Best services for writing your paper according to Trustpilot

Premium Partner
From $18.00 per page
4,8 / 5
Writers Experience
Recommended Service
From $13.90 per page
4,6 / 5
Writers Experience
From $20.00 per page
4,5 / 5
Writers Experience
* All Partners were chosen among 50+ writing services by our Customer Satisfaction Team

That’s why, the businesses whether the organization is large orsmall they are worried about their digital footprint. So we are, retrieving thereviews of the Voot application using text mining which is present in thegoogle play store. And after that  usingmachine learning algorithm the classification of that reviews is performed. Togroup the immense measure of reviews that are in google play store for voot application , text mining is doneutilizing SVM algorithm 2.

VOOT APPLICATIONVootis the free streaming services featuring TV shows produced by Viacom’s Indianchannels. What it lacks in international content it makes up for with numerousshows and movies in regional languages. The kids section offers optionalparental controls.

It was created for the India’s favourite reality TV showsincluding Bigg Boss, Splitsvilla, Roadies and more.3.    TEXT MININGAtext analysis issue generally comprises of three critical advances: parsing,search and retrieval, and text mining.

Parsing is the procedurethat takes unstructured content and forces a structure for assistinvestigation. The unstructured content could be a plain content record, aweblog, an Extensible Markup Language (XML) document, a HyperText Markup Language(HTML) document, or a Word report. Parsing deconstructs the given content andrenders it in a more organized manner for the resulting steps.Search and retrievalis the recognizable proof of the archives in a corpus that contain searchlists, for example, particular words, expressions, points, or substances likeindividuals or associations.
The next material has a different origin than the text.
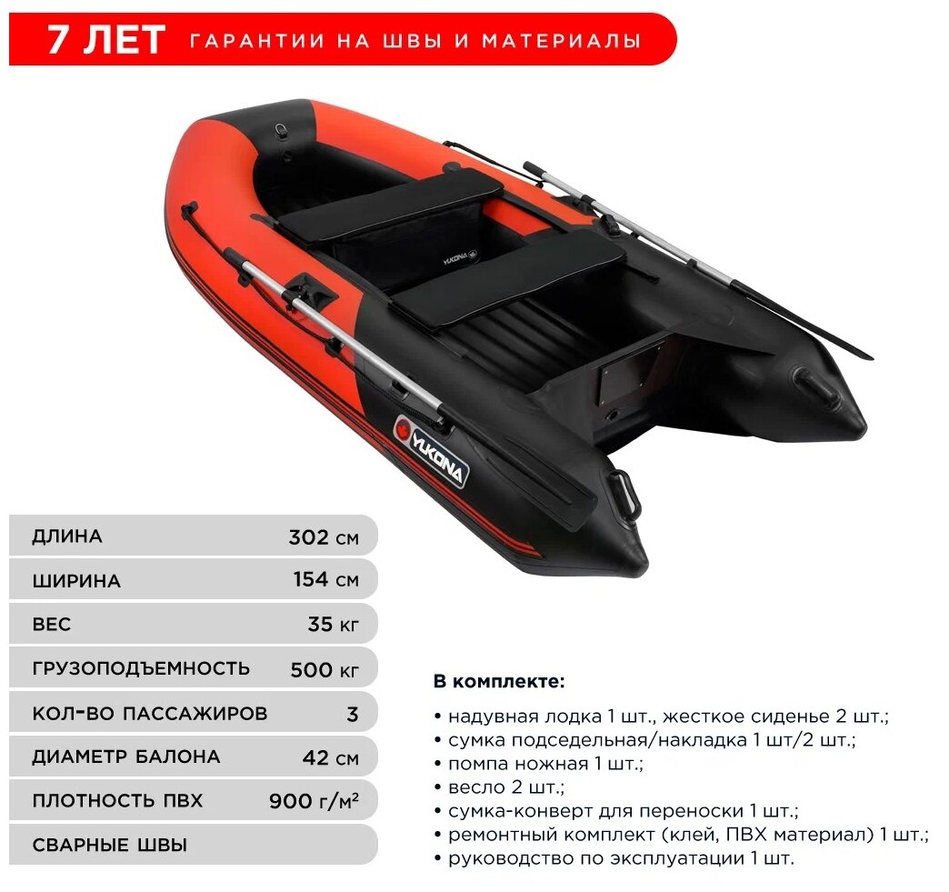 Надувная лодка Надувная лодка ПВХ YUKONA 300 НДНД под мотор, красно-черный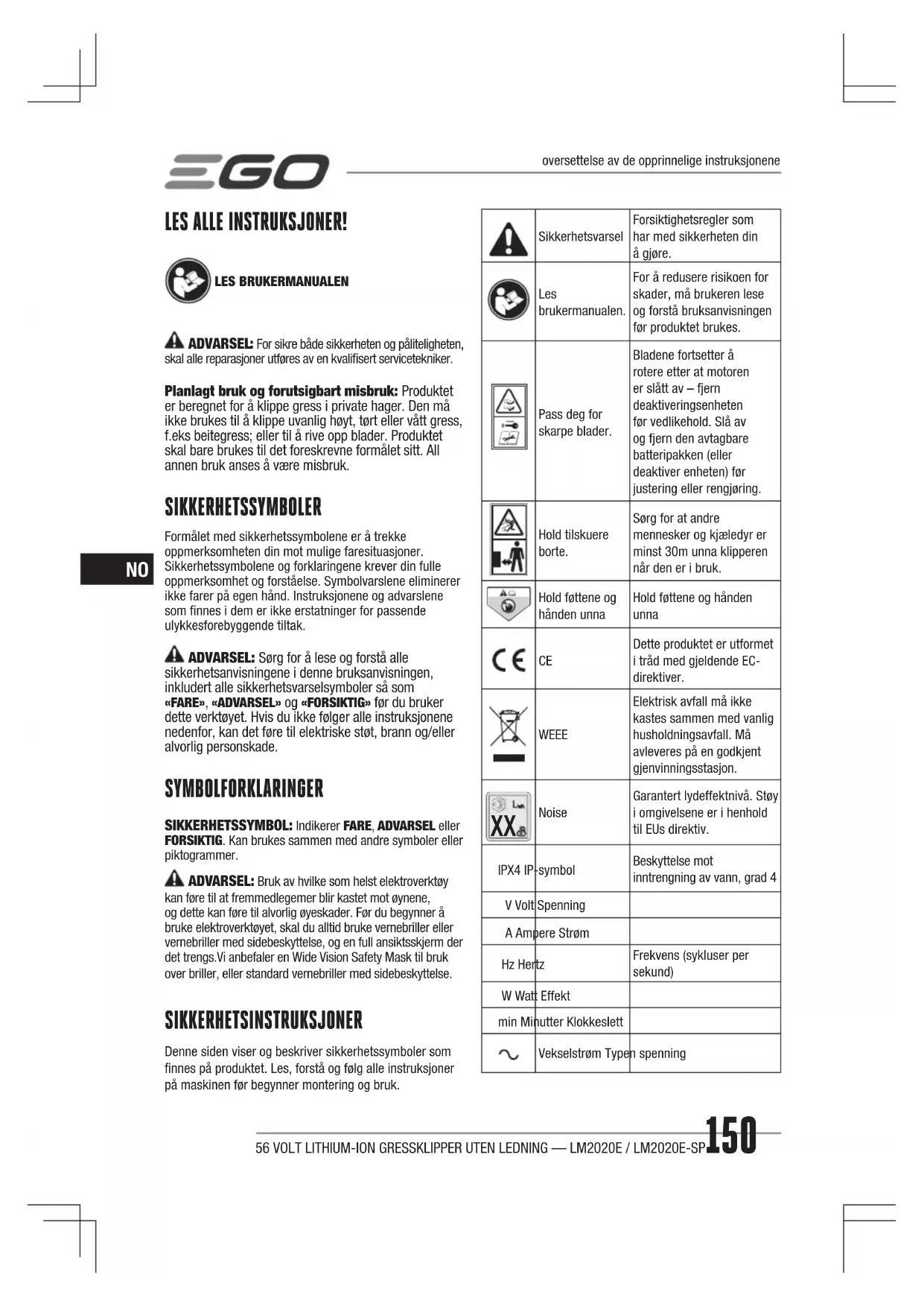 NoiseGarantert lydeffektnivå. Støy i omgivelsene er i henhold til EUs direktiv.IPX4 IP-symbolBeskyttelse mot inntrengning av vann, grad 4V Volt SpenningA Ampere StrømHz HertzFrekvens (sykluser per sekund)W Watt Effektmin Minutter KlokkeslettVekselstrøm Typen spenningoversettelse av de opprinnelige instruksjonene56 VOLT LITHIUM-ION GRESSKLIPPER UTEN LEDNING — LM2020E / LM2020E-SP 151

These search list are for the most part called keyterms. Search and retrieval began from the field of library science and ispresently utilized widely by web crawlers.Text mining, Text mining includes mining through a content record or asset to getsignificant organized data. This requires modern logical tools that proceduremessage so as to gather particular catchphrases or key information focuses fromwhat are considered generally crude or unstructured formats.In text mining,built frameworks utilize things like scientific categorizations and lexicalinvestigation to figure out what parts of a content report are important asmined information. Factual models are usually valuable, and frameworks maylikewise utilize heuristics, or algorithmic mystery, to endeavor to figure outwhich parts of a content are essential.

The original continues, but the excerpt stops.